Jeremy Corbyn, the socialist member of Parliament who led Labour from 2015 to 2020, said on Tuesday that Starmer was "echoing Tony Blair’s obedience to Washington", referring to the then-prime minister's decision in 2003 to join US President George W. Bush's war in Iraq.
"Ignoring the wisdom of ordinary people who could see the catastrophe ahead, Blair dragged the UK into an illegal war that triggered a spiral of hatred, conflict, and misery. More than a million Iraqi men, women, and children paid the price." Corbyn wrote in a Tuesday piece for the democratic socialist publicationTribune.

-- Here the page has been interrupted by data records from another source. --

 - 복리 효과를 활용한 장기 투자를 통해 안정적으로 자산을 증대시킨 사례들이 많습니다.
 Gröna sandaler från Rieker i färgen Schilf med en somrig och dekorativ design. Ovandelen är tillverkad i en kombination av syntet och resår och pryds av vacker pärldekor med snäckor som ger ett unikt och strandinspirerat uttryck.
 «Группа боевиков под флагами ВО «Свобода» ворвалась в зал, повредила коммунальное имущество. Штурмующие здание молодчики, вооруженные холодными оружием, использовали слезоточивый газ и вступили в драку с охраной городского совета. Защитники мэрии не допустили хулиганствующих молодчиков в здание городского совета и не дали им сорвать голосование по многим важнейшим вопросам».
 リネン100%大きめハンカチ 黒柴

Infamously pledging to Bush, "I will be with you, whatever," Blair helped to promote the false claims that Iraqi President Saddam Hussein possessed weapons of mass destruction. And despite a lack of support from the United Nations, he joined Bush's "coalition of the willing," committing 46,000 British troops to the war.

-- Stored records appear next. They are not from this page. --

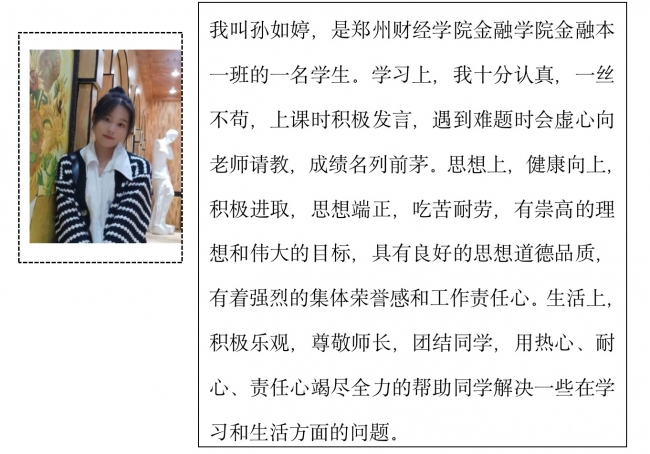 孙如婷,女,2001年8月出生,入校以来,她严格遵守学院的各项规章制度,做好模范带头作用。平时她能够妥善处理好班级工作与个人学习之间的关系,在思想、工作、学习、生活等方面取得了较大的进展。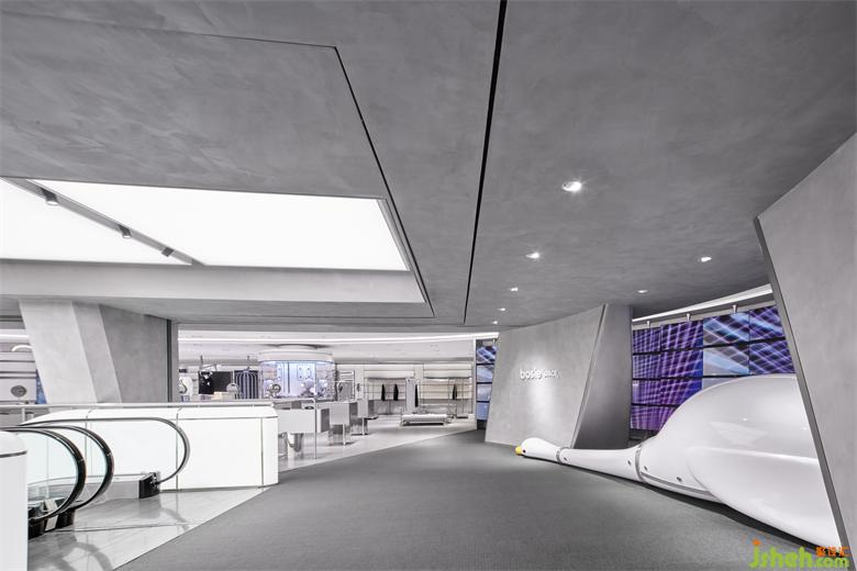二層空間對應(yīng)故事腳本中的飛船本體,立品將這個空間設(shè)定為bosie實施重返星球計劃的重要實驗基地,將實驗室的場景與業(yè)態(tài)有機結(jié)合。圍繞中空區(qū)域,二層天花設(shè)置環(huán)形燈帶,模擬飛船內(nèi)部的科技感并引導(dǎo)探險者環(huán)繞前行。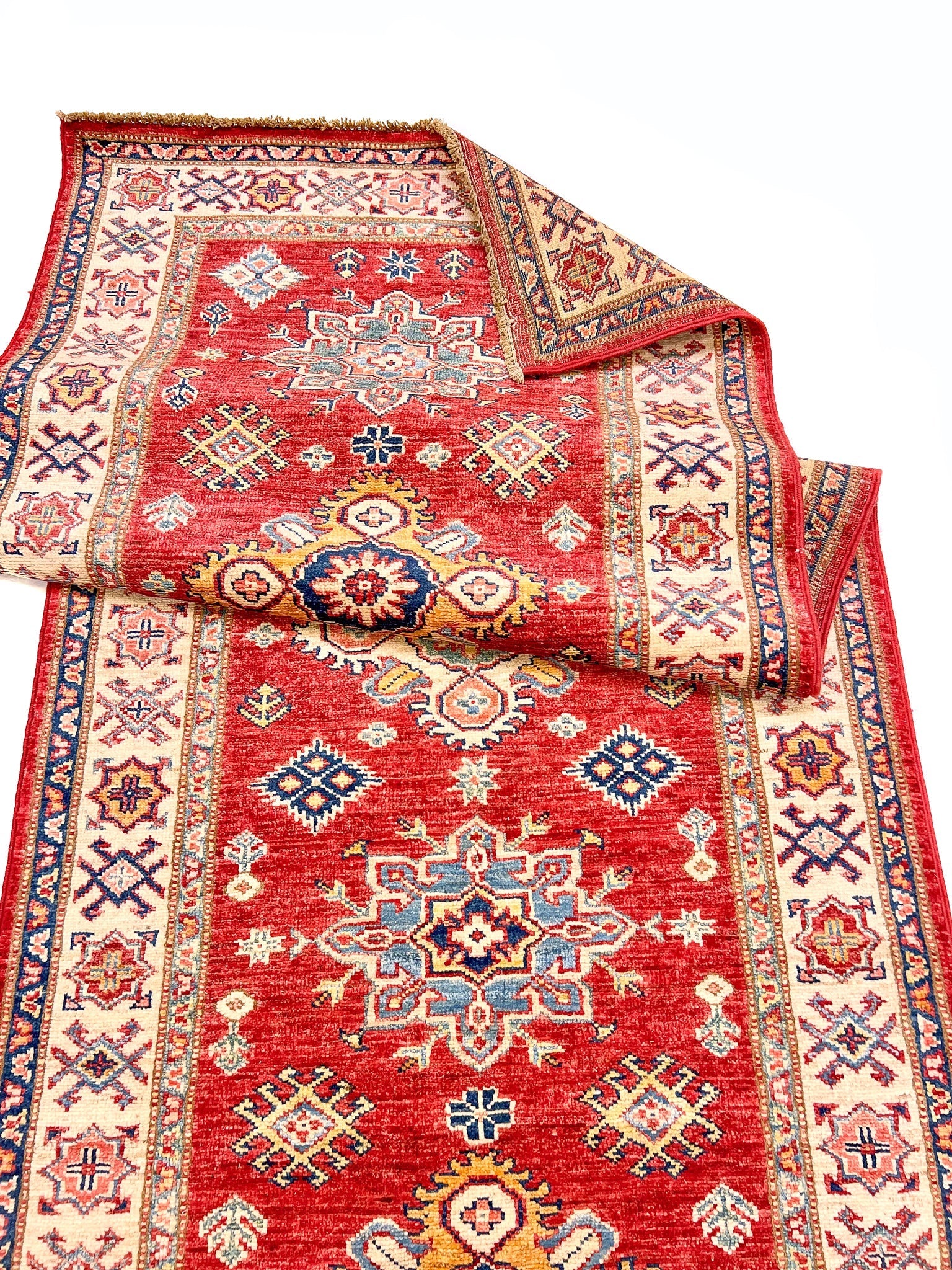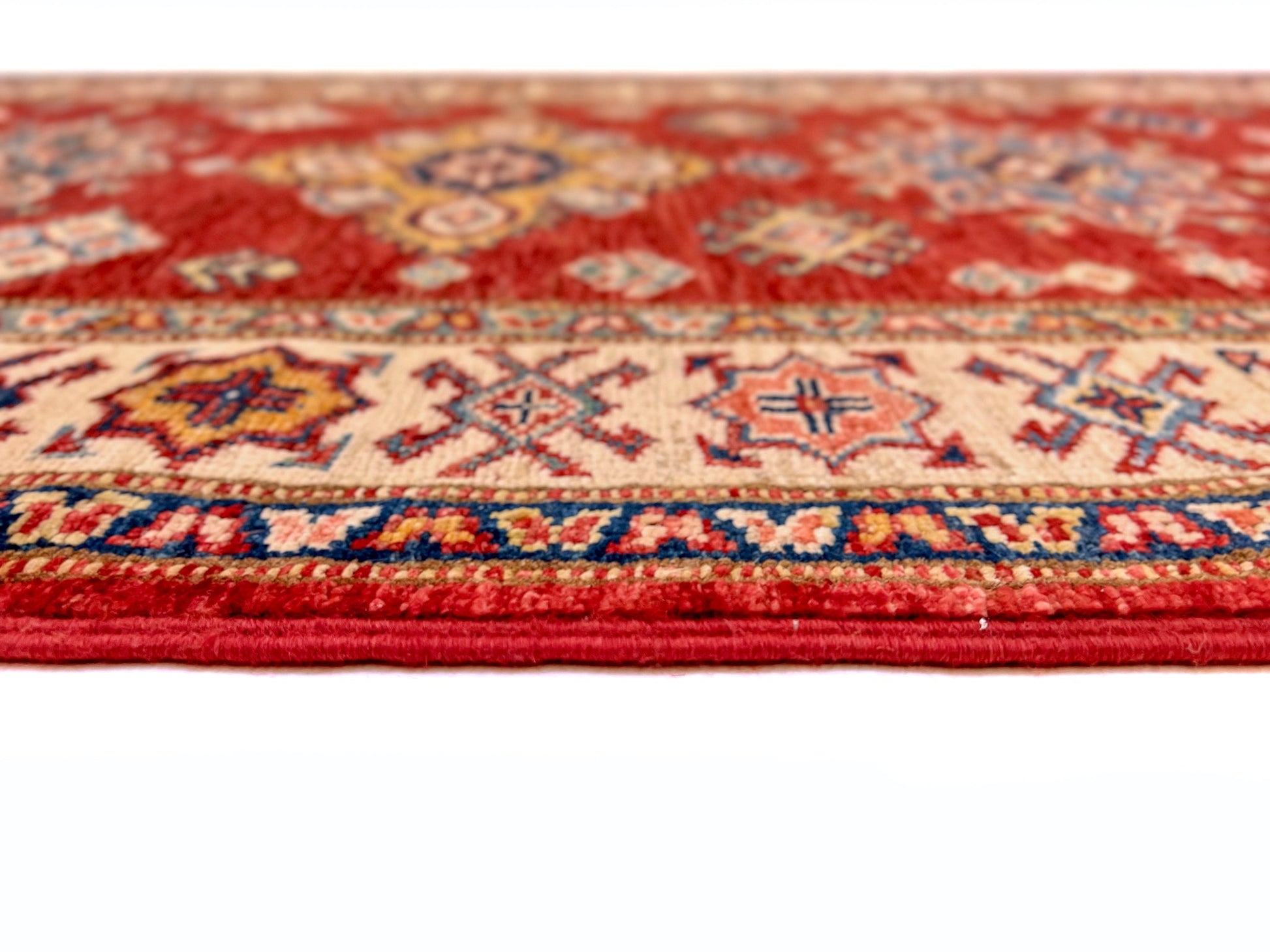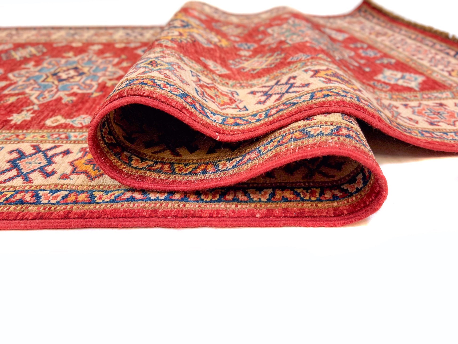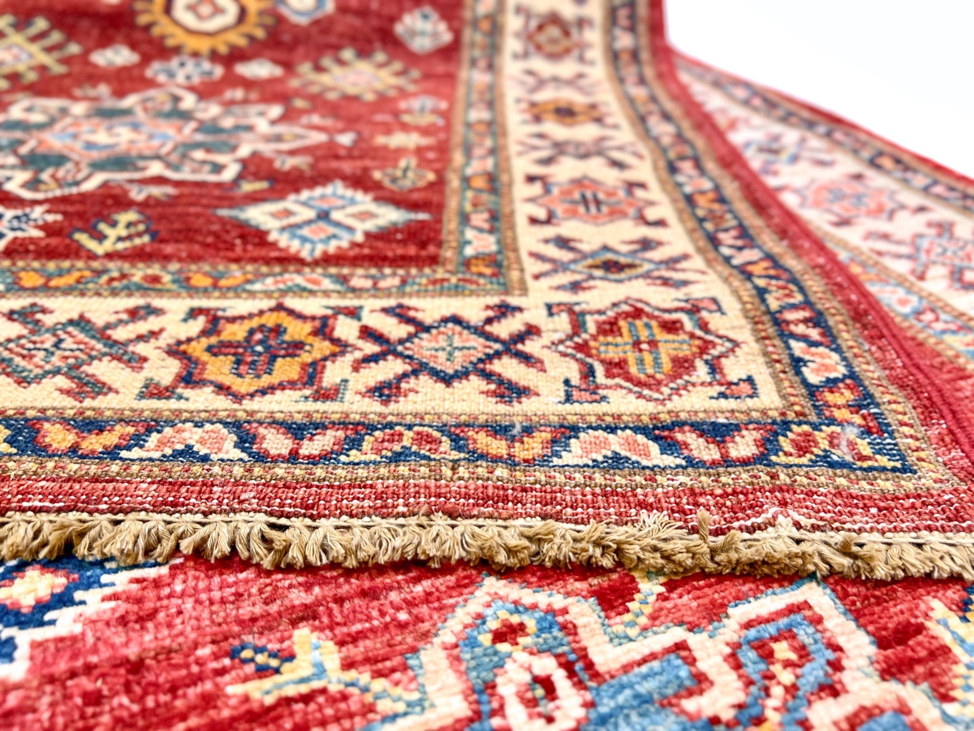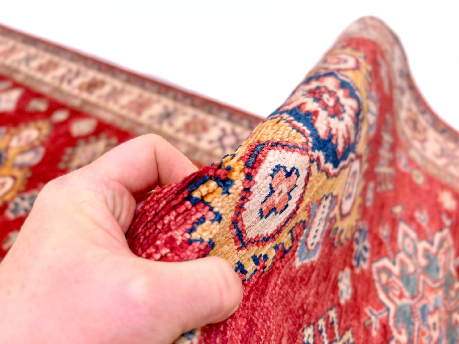 Super Kazak – hand-knotted of hand-spun, vegetable-dyed Ghazni wool in Afghanistan; exported from Pakistan

"This was the last time a Labour prime minister blindly backed the wishes of the US and its warmongering president," Corbyn said. "Twenty-three years later, another Labour prime minister is doing his best to follow in Blair’s footsteps and drag us into a catastrophic, illegal war."
Unlike Bush, US President Donald Trump has not yet put boots on the ground in Iran, instead waging a destructive campaign of aerial bombings and missile strikes that have taken out the nation's Supreme Leader, Ayatollah Ali Khamenei, and other senior Iranian officials.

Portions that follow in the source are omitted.